Greedy modularity optimization that scales well to large graphs and serves as the default starting point.

When to use:

  • Large networks where speed and scalability are essential.
  • Baseline clustering for downstream statistical comparisons.

Parameters:

  • network (nx.Graph): The network to which the clustering is applied.
  • fraction_shortest_edges (float): Rank-based edge filtering (0, 1]; defaults to 0.5.
  • resolution (float): Modularity resolution; lower values yield larger clusters. Defaults to 0.1.
  • random_seed (int): Seed for reproducibility. Defaults to 888.

Returns: csr_matrix: Sparse cluster-assignment matrix.

clusters_louvain = risk.cluster_louvain(
    network=network,
    fraction_shortest_edges=0.25,
    resolution=0.5,
    random_seed=888,
)

Leiden Clustering

Connectivity-refined variant of Louvain that produces better separated clusters while remaining fast.

When to use:

  • You need Louvain-like speed but improved connectivity guarantees.
  • Stability between repeated runs is important.

Parameters:

  • network (nx.Graph): The network to which the clustering is applied.
  • fraction_shortest_edges (float): Edge filtering fraction. Defaults to 0.5.
  • resolution (float): Resolution parameter; defaults to 1.0.
  • random_seed (int): Seed for reproducibility. Defaults to 888.

Returns: csr_matrix: Sparse cluster-assignment matrix.

clusters_leiden = risk.cluster_leiden(
    network=network,
    fraction_shortest_edges=0.25,
    resolution=1.0,
    random_seed=888,
)

Greedy Modularity Clustering

Agglomerative optimization that quickly produces coarse partitions—useful for exploratory analysis or as a lightweight baseline.

When to use:

  • Rapid, coarse-grained partitions are sufficient.
  • You want to benchmark other algorithms against a simple baseline.

Parameters:

  • network (nx.Graph): The network to which the clustering is applied.
  • fraction_shortest_edges (float): Edge filtering fraction.
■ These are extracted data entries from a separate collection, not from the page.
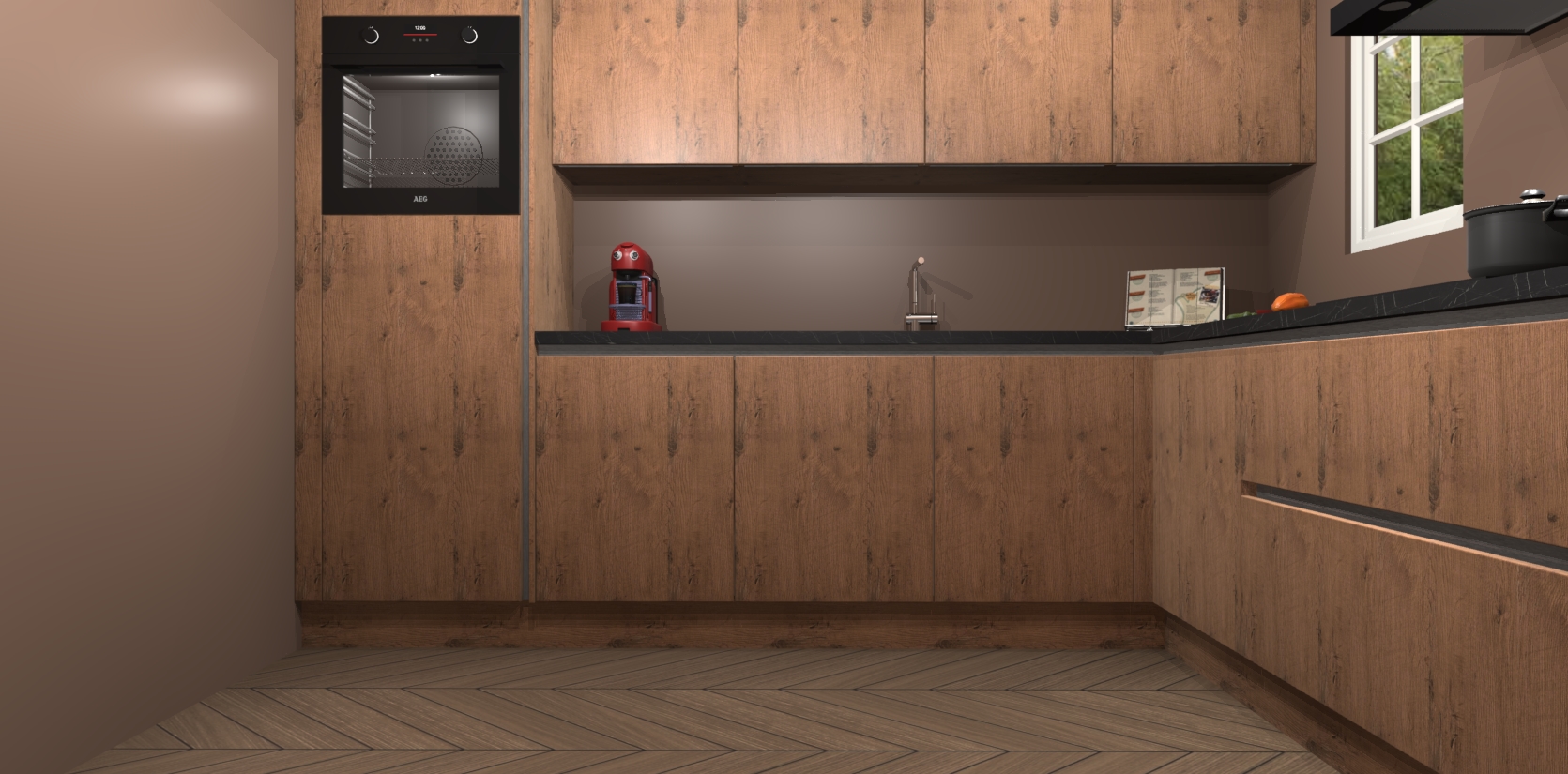 Met een modern, tijdloos design en ruime opslagruimte, zult u zich in no-time thuis voelen in uw nieuwe keuken. Uw leven wordt eenvoudiger met de soft-close deuren die voor het ultieme stille comfort zorgen - geen geluid dat u stoort terwijl u kookt. Ook is de keuken voorzien van 5 ingebouwde apparaten: een oven, inductie kookplaat, afzuigkap, vaatwasser en koelkast. Deze kunnen gemakkelijk na bestelling worden bijgewerkt naar AEG - waardoor uw luxe ervaring compleet is.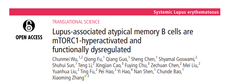 “狼疮相关非典型记忆B细胞内mTORC1通路高度活化且存在功能失调”研究成果发表在《风湿病年鉴》上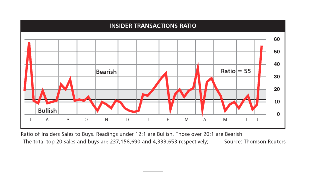 While excessive insider buying is more useful as a buy signal than selling is a sell signal, the latest Baron’s update of insider activity is not supporting the bull case.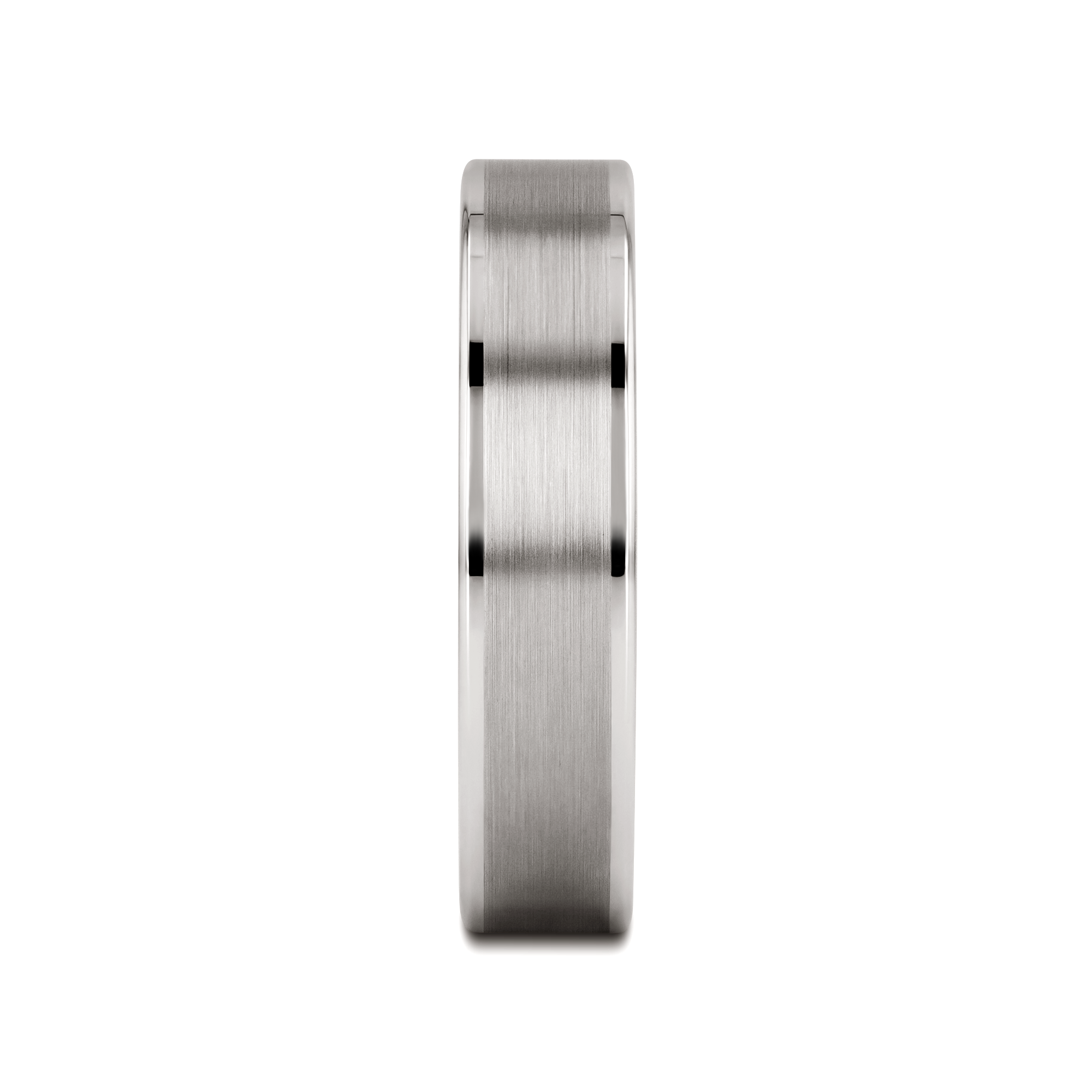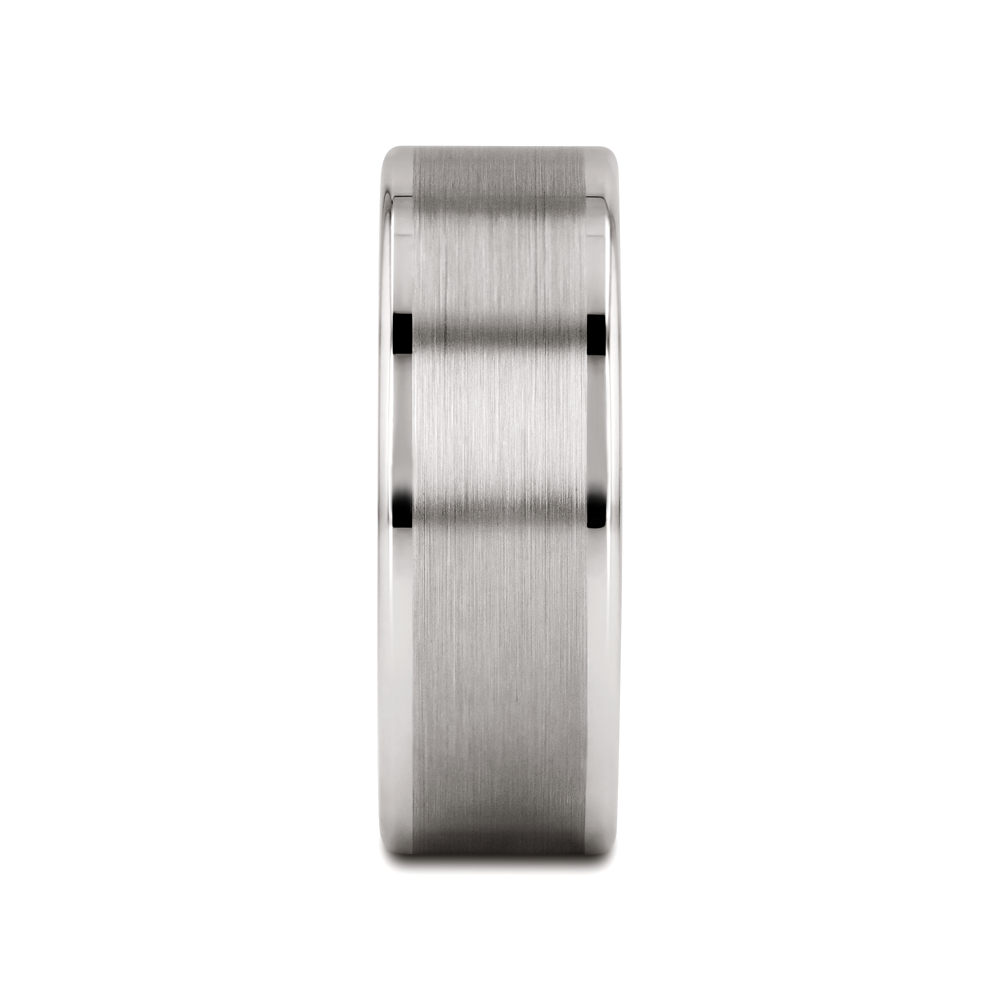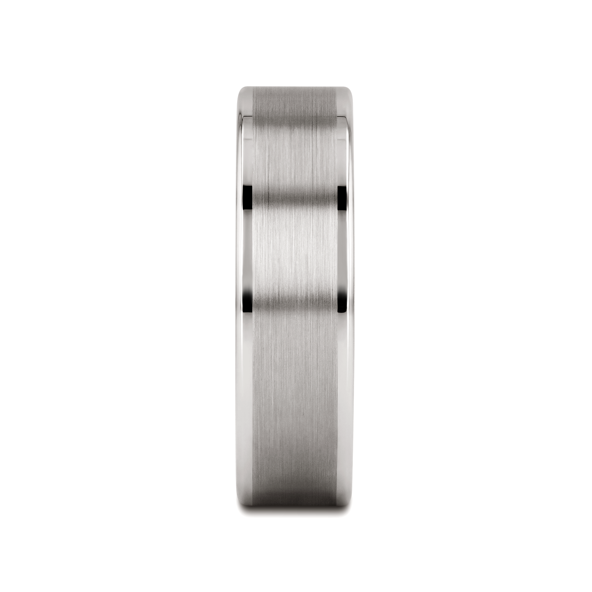 This precision crafted flat style white tungsten ring with brush finished center from our White Tungsten Rings line is made especially for couples who love the durability of tungsten and the bright white color of platinum. This style is available in 4mm, 6mm and 8mm wide for couples who prefer matching rings.

Defaults to 0.5.

Returns: csr_matrix: Sparse cluster-assignment matrix.

clusters_greedy = risk.cluster_greedy(
    network=network,
    fraction_shortest_edges=0.25,
)

Label Propagation Clustering

Heuristic label spreading approach that offers a non-parametric, fast partitioning of the network.

When to use:

  • You need a parameter-free, extremely fast method.
  • Exploratory analysis where minor instability is acceptable.

Parameters:

  • network (nx.Graph): The network to which the clustering is applied.
  • fraction_shortest_edges (float): Edge filtering fraction. Defaults to 0.5.

Returns: csr_matrix: Sparse cluster-assignment matrix.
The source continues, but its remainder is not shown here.